Вне рамок права Европейского Союза чаще можно встретить использование категорий «самоисполнимость»[421], «прямое действие», «прямое применение» норм международного права.[422]
Я. Броунли, рассматривая понятие «самоисполнимости», отмечает, что термин «самоисполнимые» может применяться для выражения того принципа определенной системы национального права, согласно которому некоторые нормы международного права не нуждаются в инкорпорации для придания им внутригосударственной силы. [423] Однако, в большинстве стран концепция «самоисполнимости» исходит из понятия «самоисполнимые нормы договора», под которыми, по мнению Л.П. Ануфриевой, понимаются нормы, которые, будучи соответствующим образом санкционироваными государством, предназначены для непосредственного регулирования внутригосударственных отношений.[424] «Несамоиспонимые нормы» требуют издания дополнительного акта национального законодательства.
Понятие «санкционированность государством» наполняется различным смыслом применительно к государствам разных правовых систем. Содержание термина «санкционированность» применительно к российской правовой системе достаточно четко раскрывается Т.Н. Нешатаевой. Она считает, что «для государства в лице его исполнительных органов (как правило, правительство или министерство иностранных дел) международный договор становится обязательным с момента подписания (здесь имеются в виду любые допустимые правом формы одобрения международного договора).
Государство (его исполнительные органы) должно предпринять необходимые меры для того, чтобы нормы договора стали обязательными для субъектов данного государства (физических лиц, юридических лиц, государственных органов). Данные меры выражаются в надлежащем опубликовании международного договора и направлены на соблюдение принципа "доведение до всеобщего сведения" норм международного договора. Праву давно известен принцип non obligat lex nisi promulgata (закон не обязывает, если он не опубликован). В Российской Федерации данное правило предусмотрено частью 3 статьи 15 Конституции Российской Федерации: "Любые нормативные правовые акты, затрагивающие права, свободы и обязанности человека и гражданина, не могут применяться, если они не опубликованы официально для всеобщего сведения". Международные договоры, применяемые арбитражными судами Российской Федерации при разрешении споров, практически всегда затрагивают права, свободы и обязанности человека и гражданина (преимущественно экономического характера), следовательно, соблюдение критерия "доведение до всеобщего сведения" является одним из оснований законности судебного решения».[425]Возможна ситуация, когда Российская Федерация выразит желание применять положения договора еще не вступившего для нее в силу.

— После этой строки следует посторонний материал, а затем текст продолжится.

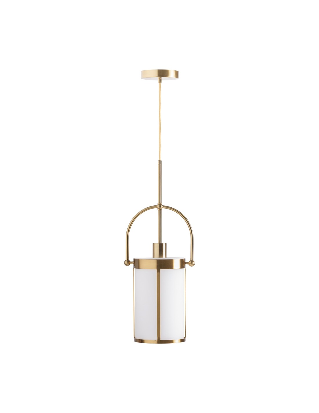 La lámpara colgante de Vical Home combina una estética depurada con materiales nobles y acabados elegantes. Su cuerpo de cristal blanco permite una iluminación suave y uniforme, ideal para crear ambientes cálidos y acogedores. El soporte de acero en tono bronce añade un toque clásico y sofisticado, perfecto para interiorismos que buscan personalidad y distinción.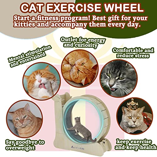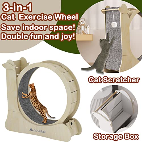 Lokshun Cat Wheel,3-in-1 Cat Exercise Wheel with Built-in Cat Scratcher,Cat Wheel Exerciser for Indoor Cats, Natural Wood Cat Treadmill with Brake Stop,Weight-Loss Cat Running Wheel for Catâs Health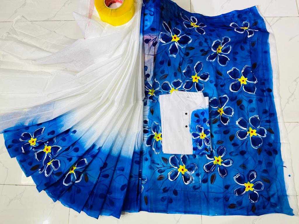 ট্রেডিশনাল হ্যান্ড প্রিন্ট কাপল সেট  প্রোডাক্ট ডেসক্রিপশন:- হাফ সিল্ক শাড়ি।  ধুপিয়ান সিল্ক পাঞ্জাবি। হ্যান্ড প্রিন্ট তুলির কাজ।  পাঞ্জাবি সাইজ-৪০,৪২,৪৪,৪৬ আধুনিক ও মান সম্মত ডিজাইন। অরিজিনাল প্রোডাক্ট।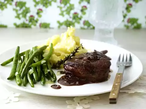 Wash the meat, dab dry and season with salt. Wrap each with a slice of bacon. Heat the oil in an ovenproof pan and fry the meat on each side for about 2 minutes. Add thyme for the last 2 minutes. Season meat with pepper. Remove meat from the pan. Roast the tomato paste in the frying fat while stirring. Dust with flour. Deglaze with red wine and stock, bring to the boil while stirring and simmer for about 2 minutes. Put the fillets back into the sauce and braise in the preheated oven (electric cooker: 150 °C/ convection oven: 125 °C/ gas: level 1) for about 10 minutes
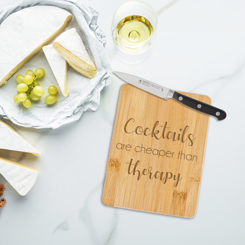 Cocktails are Cheaper than Therapy - Bamboo Bar Board - 6 x 8 inches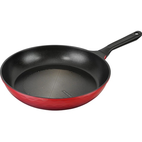 内面は人工ダイヤモンド粒子配合のふっ素樹脂コーティング。すべりの良さが使いやすい。留め具の凹凸がないので内面がスッキリします。汚れがたまりにくく洗いやすい。ガス火専用です。
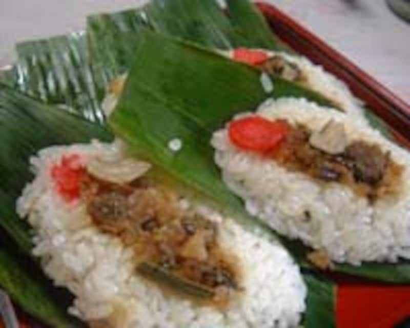 | おばちゃんお手製の笹ずしも旨い。日持ちがするのでお土産にいい。 |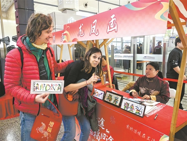2月2日,春运首日,作为国际化大都市的窗口,上海虹桥站候车大厅人头攒动、热闹非凡,“城市文明会客厅”、非遗文化市集等特色活动有序开展,让旅客感受到铁路服务的温度。图为当日,外籍旅客在非遗文化市集花鸟字创作区,观看师傅用花鸟图案绘制名字。东方匀 摄

Представляется, что в этом случае «санкционированность» государством может выражаться в использовании норм международного договора в актах законодательных, исполнительных и судебных органов государства.
«Самоисполнимость» - это техническая характеристика договора, которая означает, что такой договор, будучи санкционированным государством, содержит недвусмысленные положения, которые могли бы применяться частными лицами. Если нормы договора являются «самоисполнимыми», то они имеют «прямое действие» в национальном праве государств.

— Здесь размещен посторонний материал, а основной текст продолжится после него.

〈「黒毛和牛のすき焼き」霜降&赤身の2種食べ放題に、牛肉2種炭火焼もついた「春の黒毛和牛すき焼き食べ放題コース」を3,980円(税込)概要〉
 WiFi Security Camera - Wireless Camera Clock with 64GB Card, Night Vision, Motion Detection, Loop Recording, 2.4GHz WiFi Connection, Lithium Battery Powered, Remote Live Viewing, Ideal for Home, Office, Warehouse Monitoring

Это подтверждено в практике Международного Суда ООН. Еще в 1928 году Постоянная палата международного правосудия, высказывая позицию по Делу Danzig, отметила, что «существует устоявшийся принцип международного права о том, что международный договор не может напрямую создавать права и обязанности для частных индивидов.

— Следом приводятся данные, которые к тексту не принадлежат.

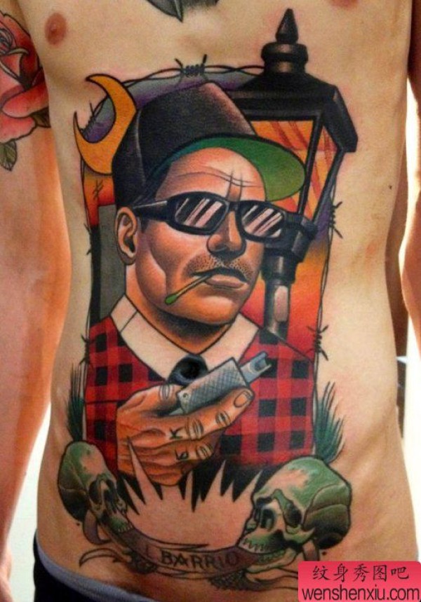 侧腰上一张个性人物肖像纹身图案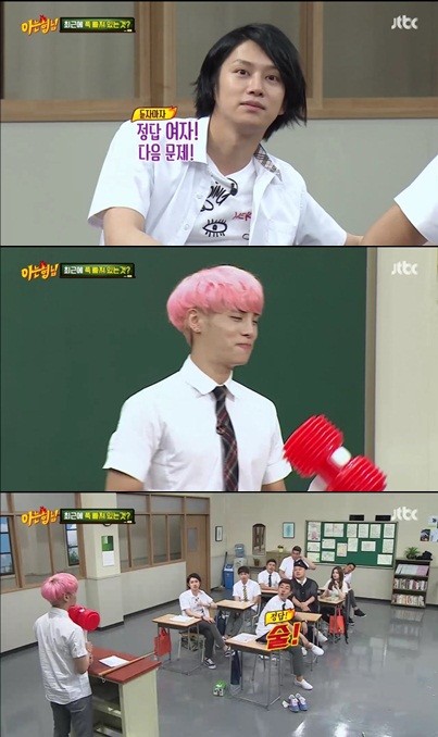 이날 전학생 종현은 '내가 제일 관심있는 것은?'이라는 문제를 냈다. 김희철은 관심 없다는 듯 "여자"라고 말한 뒤 "다음 문제 내라"라고 말했다.

Но также общепризнанно, что самой целью международного договора, в соответствии с намерением договаривающихся сторон, может быть создание конкретных, недвусмысленных, норм, создающих права и обязанности и обеспеченных механизмами национального правосудия... Текст и общее содержание договора должен указыватьна то, что его положения могут быть «напрямую применимы» в вертикальных 430
отношениях «между частными лицами и властями».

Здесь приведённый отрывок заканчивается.